Again, the type inference of the following builtin functions has been updated to work with these parametrized types:

```
zeros, ones, uninit, eye,
repmat, reshape,
shuffledims, transpose,
sum, prod, min, max, mindim, maxdim
cumsum, cumprod, cummin, cummax
```

such that `repmat(img, [1,1,3]) : cube(:,:,9))`

etc. Another use case is summation along a given dimension:

```
A : mat(3,3,:)
B = sum(A,2)
```

Here the result `B`

has the fixed sized matrix type `mat(3,3)`

.

# Conclusion

In Quasar, fixed sized vectors, matrices and cubes offer the same code generation advantages as fixed sized arrays in C, but because they are actually “concealed” regular matrices with special type constraints, they can be used with the same conventions (e.g., by reference parameter passing) as regular matrices and they are therefore much more flexible.
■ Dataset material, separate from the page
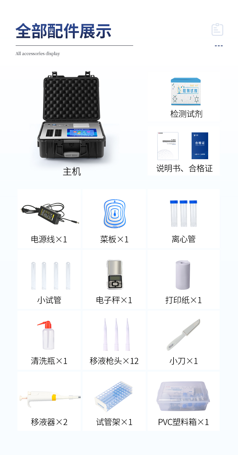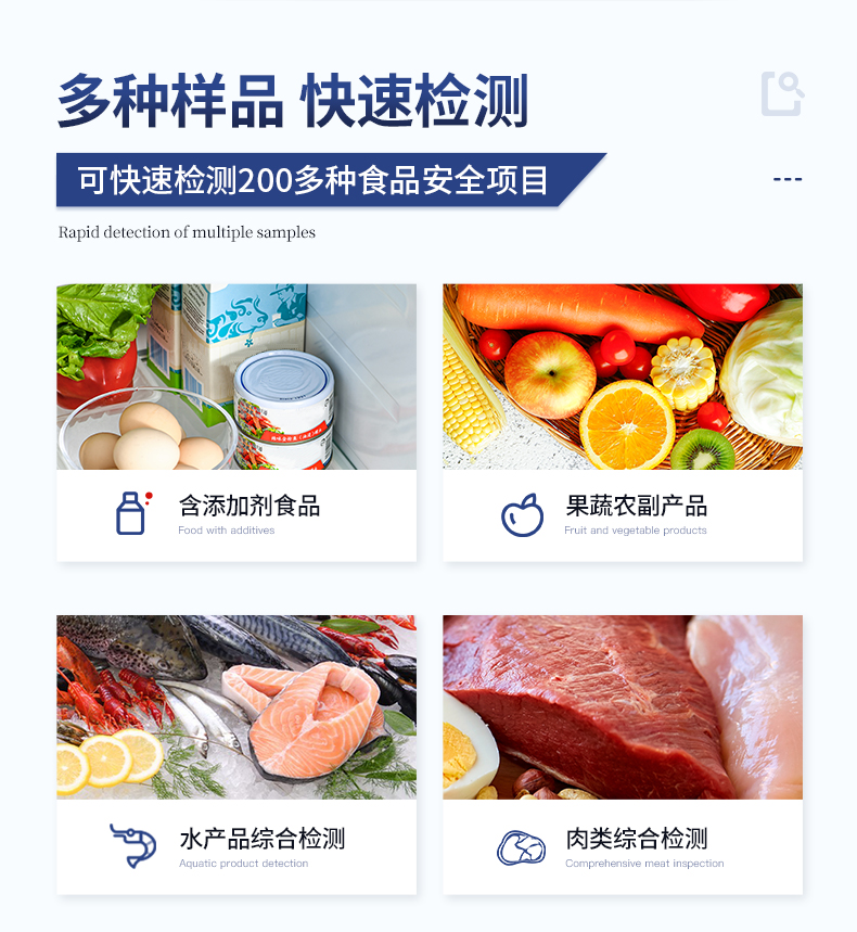 | 食品添加劑:二氧化硫、雙氧水、亞硝酸鹽、硝酸鹽、苯甲酸鈉、山梨酸、糖精鈉、甜蜜素、安賽蜜、硫酸鎂等 | 有毒有害物質:甲醛、吊白塊、硼砂、過氧化苯甲酰、溴酸鉀、羅丹明B、三聚氰胺、蘇丹紅等 | 農藥殘留:酶抑制率法:有機磷氨基甲酸酯類農藥;膠體金法:各種具體農藥檢測 | 病害肉診斷:組胺、揮發性鹽基氮、肉制品酸價、水發產品中組胺 | 重金屬含量:鉛、鎘、鉻、汞、砷、錫、鎳、鋁等;食用油脂檢測:過氧化值、酸價、油脂丙二醛等。 | 食用油脂檢測:::過氧化值、酸價、油脂丙二醛、總多酚等。 | 瘦肉精激素類(獸藥):鹽酸克倫特羅、沙丁胺醇、萊克多巴胺、己烯雌酚、喹乙醇等 | 抗生素殘留類(獸藥):四環素類、硝基呋喃類、磺胺類、β-興奮劑類、沙星類、磺胺類、喹諾酮類,甲砜霉素,氟苯尼考,金剛烷胺、替米考星、慶大霉素、林可霉素、鏈霉素、恩諾沙星、環丙沙星、頭孢啦啶、青霉素、阿莫西林等 | 真菌毒素類:食用油、糧食及飼料中黃曲霉毒素B1、奶中黃曲霉毒素M1、嘔吐毒素、玉米赤霉烯酮、赭曲霉毒素A等 | 水酒飲品分析:乳品及牛奶中蛋白質;酒中甲醇、乙醇、雜醇油;蜂蜜中果糖和葡萄糖、蔗糖、淀粉酶、酸度;水中氰化物、余氯,飲料中維C等 | 調味品成分:食醋的總酸、醬油的總酸、芝麻油純度、谷氨酸鈉、醬油氨基酸態氮、食鹽中亞鐵氰化鉀、食鹽中碘等 | 食用色素類:紅色色素(胭脂紅、莧菜紅、赤蘚紅、誘惑紅)、黃色色素(檸檬黃、日落黃)、藍色色素(亮藍)等 | 動物疫病類:豬藍耳病毒、豬瘟病毒、豬偽狂犬病毒、豬偽狂犬病毒gE蛋白、豬口蹄疫3ABC蛋白、豬口蹄疫病毒IgG、豬細小病毒、雞禽流感等 | 水產品安全類:孔雀石綠、氯霉素、呋喃妥因代謝、呋喃西林代謝、呋喃它酮代謝、呋喃唑酮代謝、氟苯尼考、土霉素、金霉素、甲砜霉素、地西泮等 |

The type inference has been extended to automatically find matrices/cubes with fixed dimensions and once found, the code generation is adjusted appropriately. The fixed sized constraint then not only allows catching size errors at compile-time, but also ensures that loops with fixed-sized matrices are converted to efficient implementations that no longer rely on dynamic kernel memory.